Misa de la Cena del Señor en la catedral de Huesca

Miguel Barluenga
2 de abril de 2026

La catedral de Huesca ha acogido en la tarde de este Jueves Santo, 2 de abril, la solemne celebración de la Misa de la Cena del Señor, que ha abierto el Triduo Pascual y ha estado presidida por el obispo de la diócesis, el padre Pedro Aguado Cuesta. La celebración ha estado marcada por un clima de recogimiento y profundidad espiritual, en el que los fieles han sido invitados a contemplar “la hora del amor supremo”, tal y como expresó el obispo en su homilía. Recordando el evangelio de san Juan, monseñor Aguado subrayó que “Jesús, habiendo amado a los suyos, los amó hasta el extremo”, situando así el sentido último de esta jornada: la entrega total de Cristo.

Uno de los momentos más significativos de la liturgia ha sido el rito del lavatorio de los pies, que el obispo ha realizado a doce cofrades de la Cofradía del Santo Cristo de los Milagros y San Lorenzo Mártir.

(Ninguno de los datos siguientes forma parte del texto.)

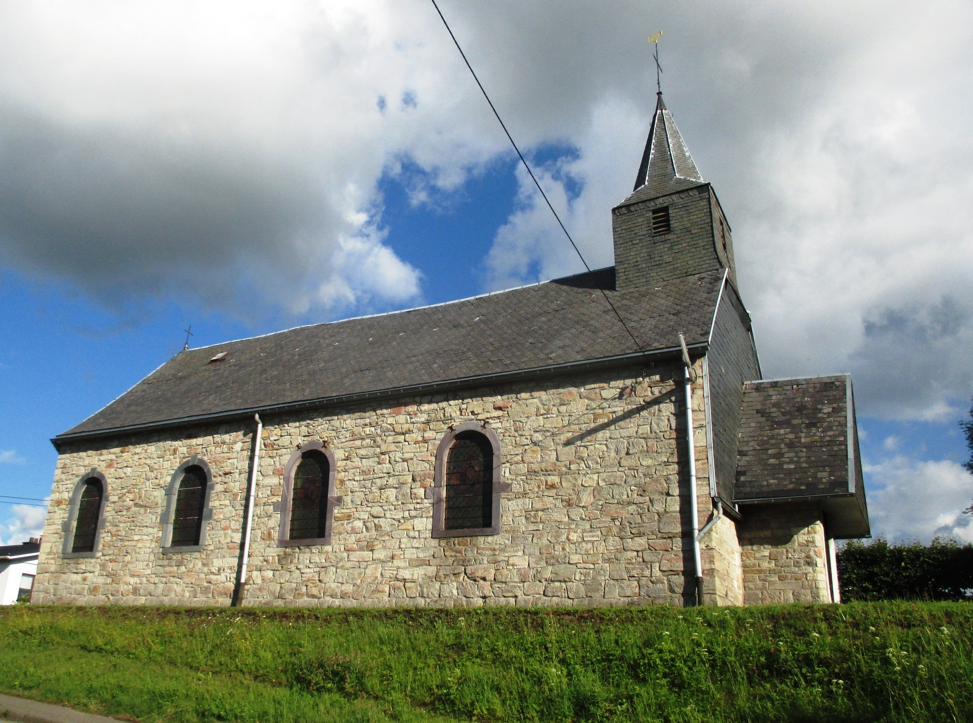 - la petite Chapelle St Quirin érigée entre 1812 et 1816 en moellons d’arkose. Une seule nef et deux fenêtres, l’une à l’avant et l’autre à l’arrière, encadrées de schiste ardoisier. Peinture de Ste Barbe du 18ème siècle.
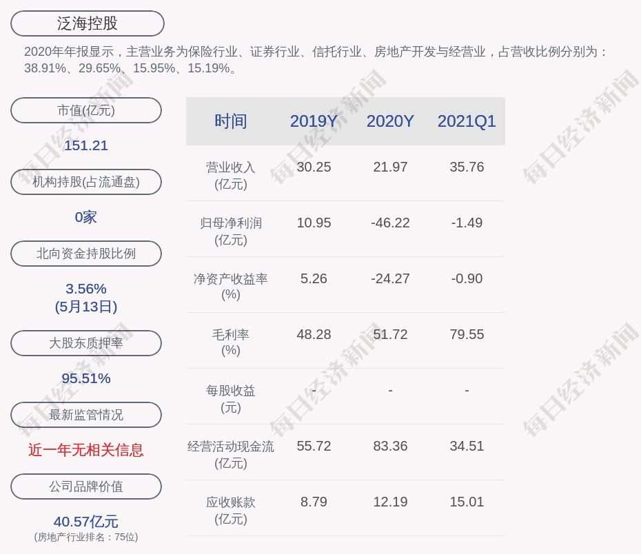 2020年年报显示,泛海控股的主营业务为保险行业、证券行业、信托行业、房地产开发与经营业,占营收比例分别为:38.91%、29.65%、15.95%、15.19%。
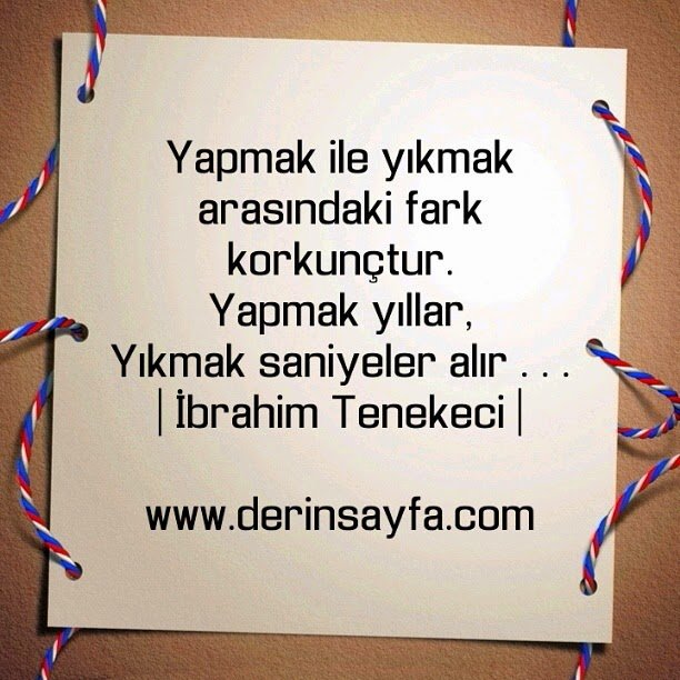 Yapmak ile yıkmak arasındaki fark korkunçtur. Yapmak yıllar, Yıkmak saniyeler alır . . . | İbrahim Tenekeci |

Un gesto que, en palabras del prelado, resulta “sorprendente, incluso desconcertante”, pero que encierra un profundo significado: “Jesús nos dice cuál es el lugar de la Iglesia con este gesto: nuestro lugar es de rodillas, ante los niños, ante los pobres, ante un mundo que necesita testimonio y amor”.

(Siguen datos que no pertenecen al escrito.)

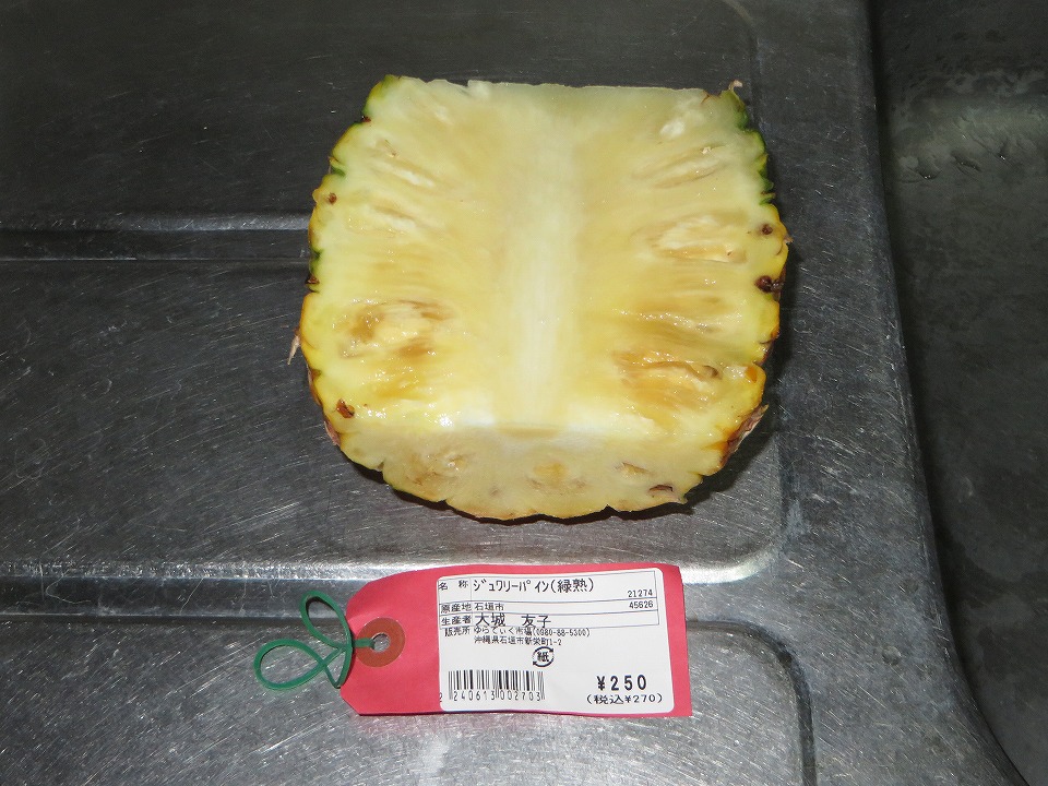 | 民宿に帰ってきて、冷蔵庫で冷やしていたパインを喰う。 昨日までに既に半分を喰っていて、今日はその残り。 甘いよ〜。 |
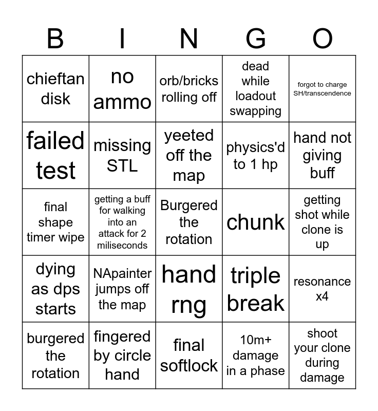 This bingo card has a free space and 24 words: NApainter jumps off the map, fingered by circle hand, yeeted off the map, burgered the rotation, forgot to charge SH/transcendence, chieftan disk, failed test, no ammo, chunk, hand rng, physics'd to 1 hp, final shape timer wipe, triple break, resonance x4, missing STL, 10m+ damage in a phase, getting shot while clone is up, orb/bricks rolling off, hand not giving buff, getting a buff for walking into an attack for 2 miliseconds, shoot your clone during damage, dying as dps starts, dead while loadout swapping and final softlock.

El padre Pedro recordó que este signo, que la Iglesia solo repite en la liturgia del Jueves Santo, está llamado a convertirse en estilo de vida para los cristianos: “Si la liturgia es fija, el lavatorio de los pies que hacemos en esta celebración está llamado a ser nuestro modo de vida, nuestro testimonio”.

Durante la homilía, el obispo puso también el acento en la institución de la Eucaristía, subrayando que no se trata de un mero recuerdo, sino de la actualización viva del sacrificio de Cristo: “No recordamos un acontecimiento del pasado, sino que revivimos la entrega de Jesús, su pasión y su muerte”. Asimismo, destacó el valor del sacerdocio ministerial, llamado a custodiar “los tesoros más importantes de la Iglesia”, entre los que enumeró la presencia real de Cristo en la Eucaristía, el perdón, la Palabra y la atención a los más necesitados.

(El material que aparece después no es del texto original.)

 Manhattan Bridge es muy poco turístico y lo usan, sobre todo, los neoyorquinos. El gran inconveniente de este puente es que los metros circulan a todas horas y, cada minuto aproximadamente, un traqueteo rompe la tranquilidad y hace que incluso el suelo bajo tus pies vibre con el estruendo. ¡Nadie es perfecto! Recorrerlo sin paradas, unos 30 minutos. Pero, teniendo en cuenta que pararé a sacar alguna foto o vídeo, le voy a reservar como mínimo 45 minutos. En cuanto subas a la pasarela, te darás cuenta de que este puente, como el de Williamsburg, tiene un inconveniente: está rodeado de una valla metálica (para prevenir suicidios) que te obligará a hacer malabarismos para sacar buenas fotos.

El obispo definió esta jornada como el día del amor fraterno, recordando el mandamiento de Jesús: “Amaos unos a otros como yo os he amado”. Un camino exigente, pero que constituye el núcleo de la vida cristiana, entendida como un proceso continuo de crecimiento interior y entrega a los demás.

En su reflexión final, monseñor Aguado evocó el desenlace de la Última Cena, que no concluye en celebración festiva, sino en el seguimiento de Cristo hacia su pasión: “La cena terminó en seguimiento, un seguimiento a veces débil y frágil, pero del que el Señor supo sacar apóstoles decididos”. Una llamada también hoy a la fidelidad y a la esperanza.

La celebración ha concluido con la procesión del Santísimo Sacramento por el interior del templo hasta el monumento, invitando a los fieles a prolongar la oración en la noche, en adoración silenciosa ante el Señor. De este modo, la Iglesia diocesana de Huesca se adentra en los días centrales de la Semana Santa, contemplando el misterio del amor entregado de Cristo y renovando su llamada a ser comunidad de servicio, fe y testimonio.